___ DATA EXCERPT ___
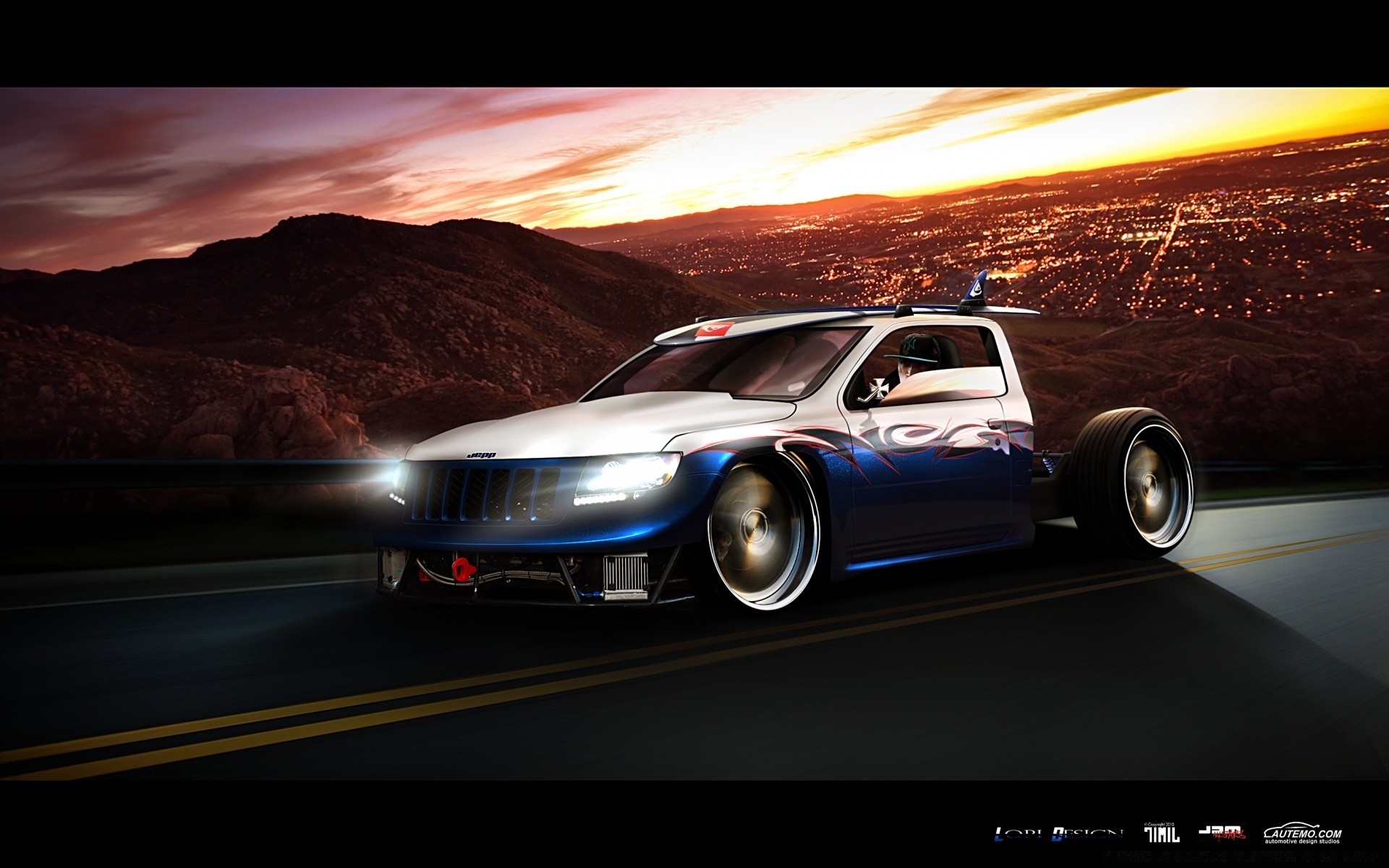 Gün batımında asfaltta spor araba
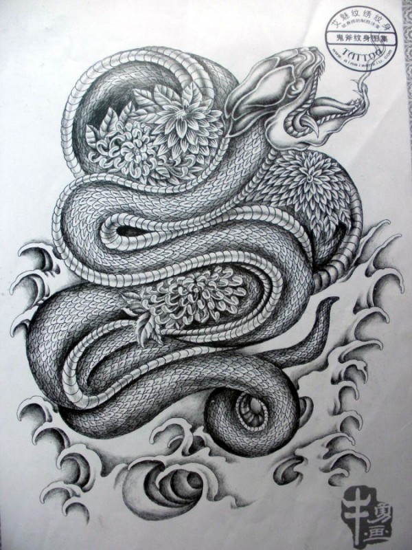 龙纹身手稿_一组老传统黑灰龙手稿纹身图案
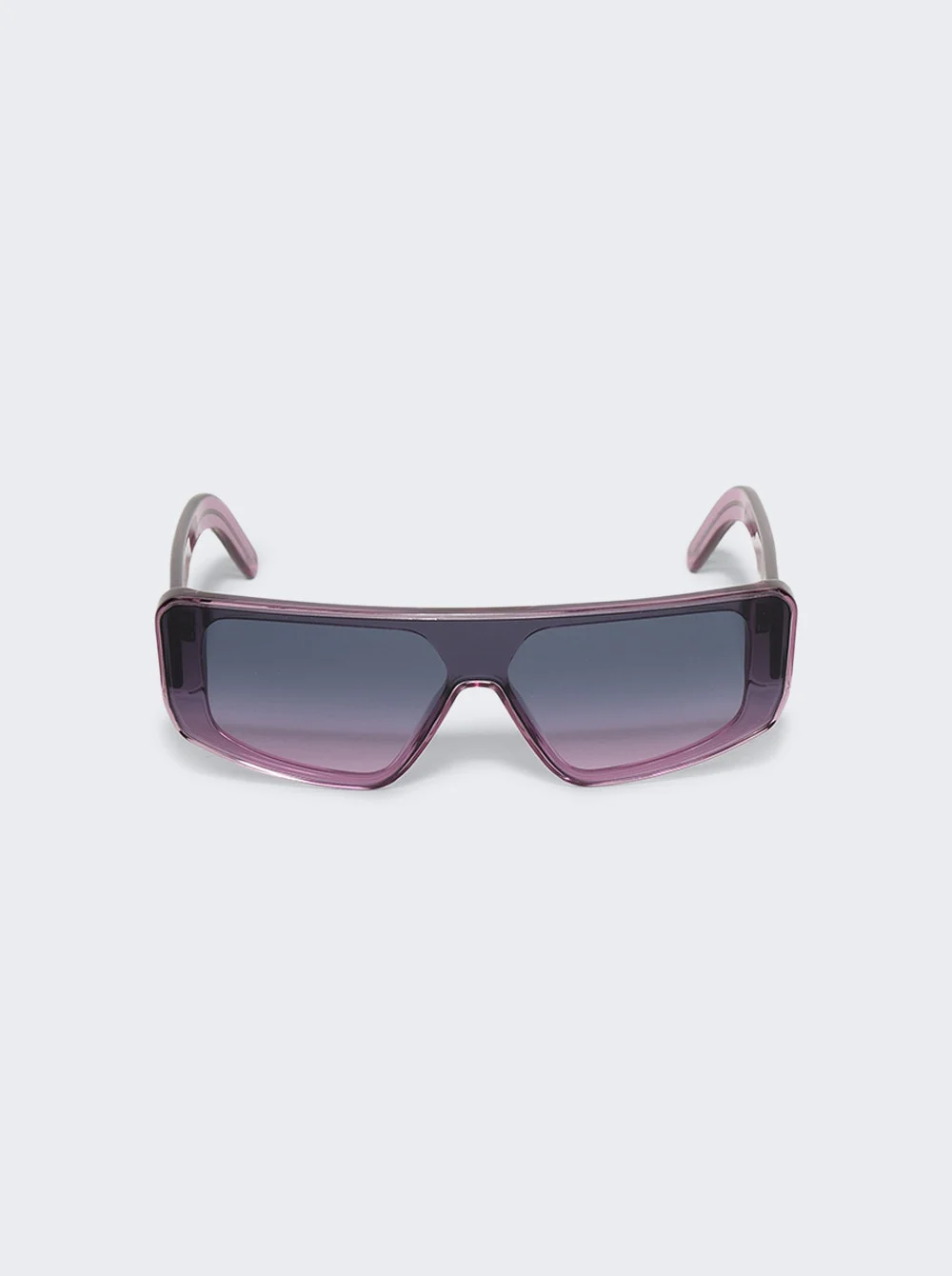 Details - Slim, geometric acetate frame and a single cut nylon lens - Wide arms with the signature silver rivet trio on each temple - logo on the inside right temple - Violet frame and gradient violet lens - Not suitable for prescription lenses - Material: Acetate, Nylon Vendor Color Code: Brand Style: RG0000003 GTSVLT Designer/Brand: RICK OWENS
___
TASK GOAL >>
The reply must hold every line above exactly as written and none of the pictures.

OUTPUT OF THE EXERCISE >>
 Gün batımında asfaltta spor araba
 龙纹身手稿_一组老传统黑灰龙手稿纹身图案
 Details - Slim, geometric acetate frame and a single cut nylon lens - Wide arms with the signature silver rivet trio on each temple - logo on the inside right temple - Violet frame and gradient violet lens - Not suitable for prescription lenses - Material: Acetate, Nylon Vendor Color Code: Brand Style: RG0000003 GTSVLT Designer/Brand: RICK OWENS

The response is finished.